Saturday, April 27, 2013

A presidential library complex


The Hoover library at West Branch.

The unveiling this week of George W. Bush's presidential library in Dallas was enough to give Iowans a complex --- if enough of us worried much about stuff like this.

It was revealed that not only is our presidential library (the Herbert Hoover at West Branch) the smallest of the National Archives and Records Administration's thirteen (at 47,000 square feet), but that it also has the smallest collection of documents and artifacts and managed to attract the least number of visitors last year (44,549).

Oh well. Hoover wasn't much of a president, although like others he did have his moments before and after.

On the other hand, neither was George W. Bush, who seems to have had no moments of excellence before, during or after (in all fairness, he probably has a good number of years left and once he learns how to paint has the potential to do something useful).

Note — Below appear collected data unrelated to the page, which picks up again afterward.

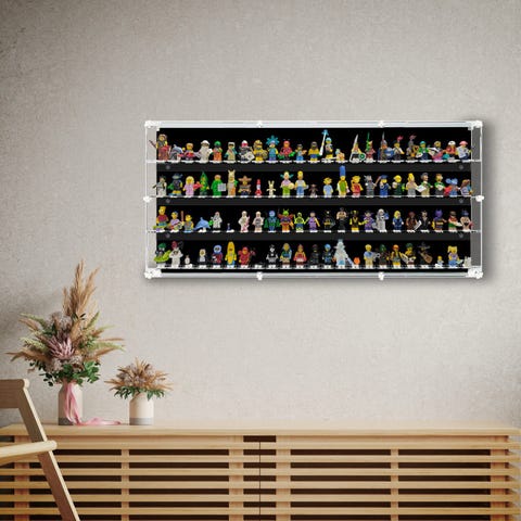 Displayställ akrylhylla för Lego minifigurer i transparent akryl med svart bakstycke. Hyllan har flera våningsplan anpassade för små figurer eller samlarobjekt. Lämplig för förvaring och visning av till exempel minifigurer, små leksaker eller samlarföremål i hem, kontor eller hobbyrum.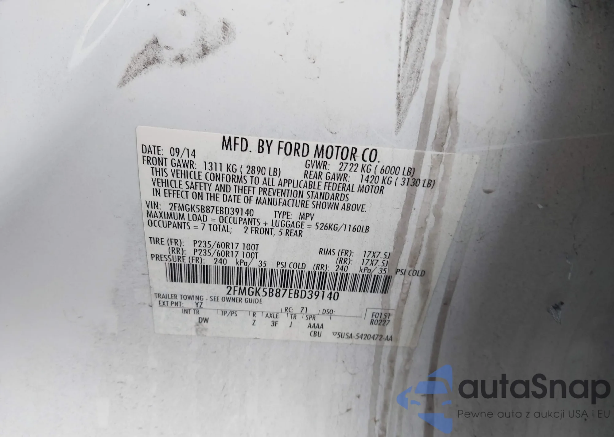 • VIN 2FMGK5B87EBD39140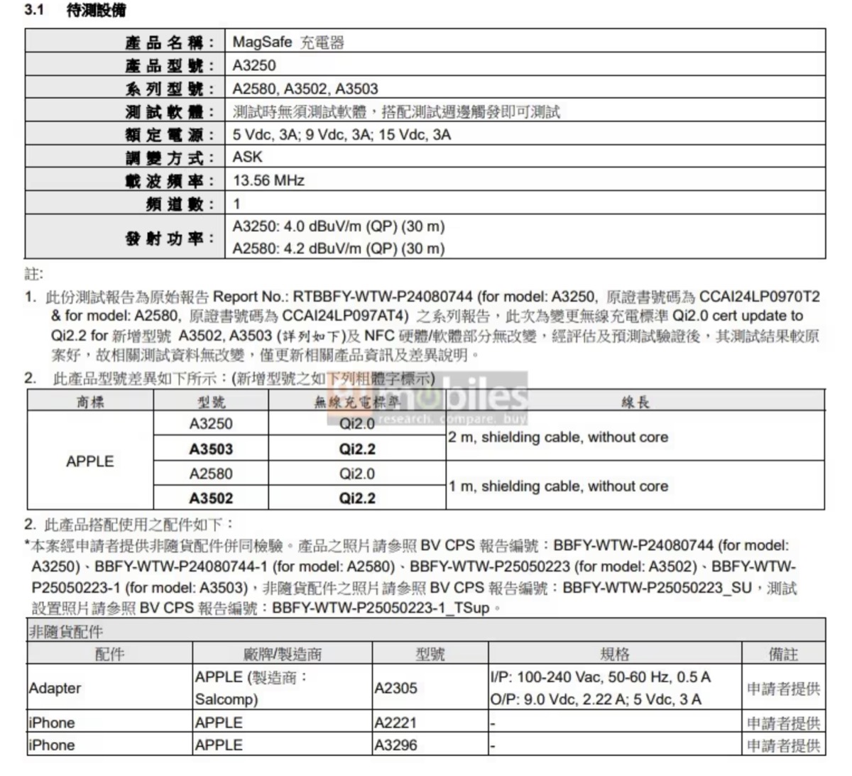 Qi 2.2対応のApple MagSafe充電器「A3503」および「A3502」が発見されました。
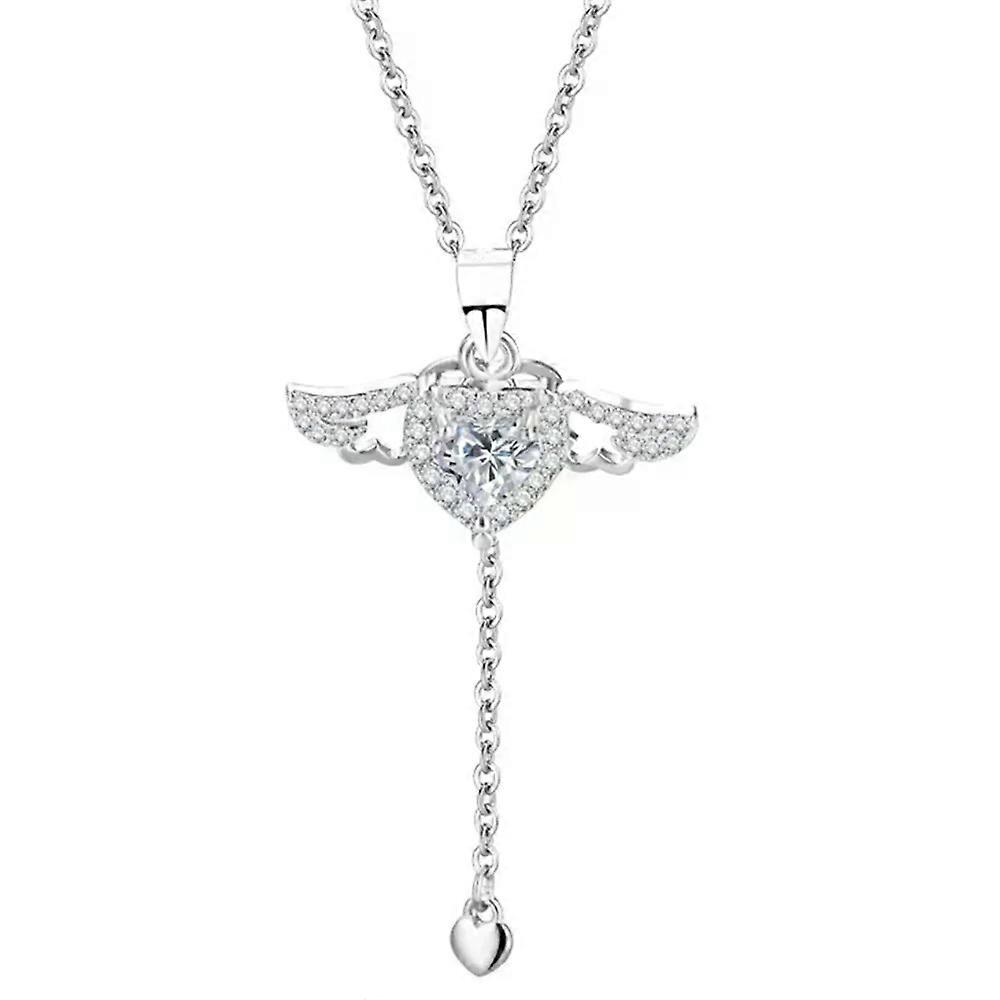 925 Sterling Silver Heart Angel Wings Pendant Choker Necklaces For Women Aesthetic Jewelry Accessories Money Jewellery

His library is not only the largest (226,560 square feet) but also the most expensive ($250 million). Designed by Robert A.M. Stern, dean of architecture at Yale, it also continues the noble tradition of presidential library butt-ugliness. In other places and circumstances, it would be mistaken for an abandoned warehouse and converted into loft living spaces.

I read somewhere it was designed to blend with the prevailing architecture at Southern Methodist University, whose campus it shares, which must be fairly awful.

At least the Hoover is inoffensive and hasn't obliterated more than its fair share of Iowa farm land.


My favorite of the presidential library bunch is I.M. Pei's John F. Kennedy in Boston. But then I'm a Pei groupie, even though his wing of the Des Moines Art Center does make me a little nervous. I like the Richard Meier wing there best, despite its problematic roof.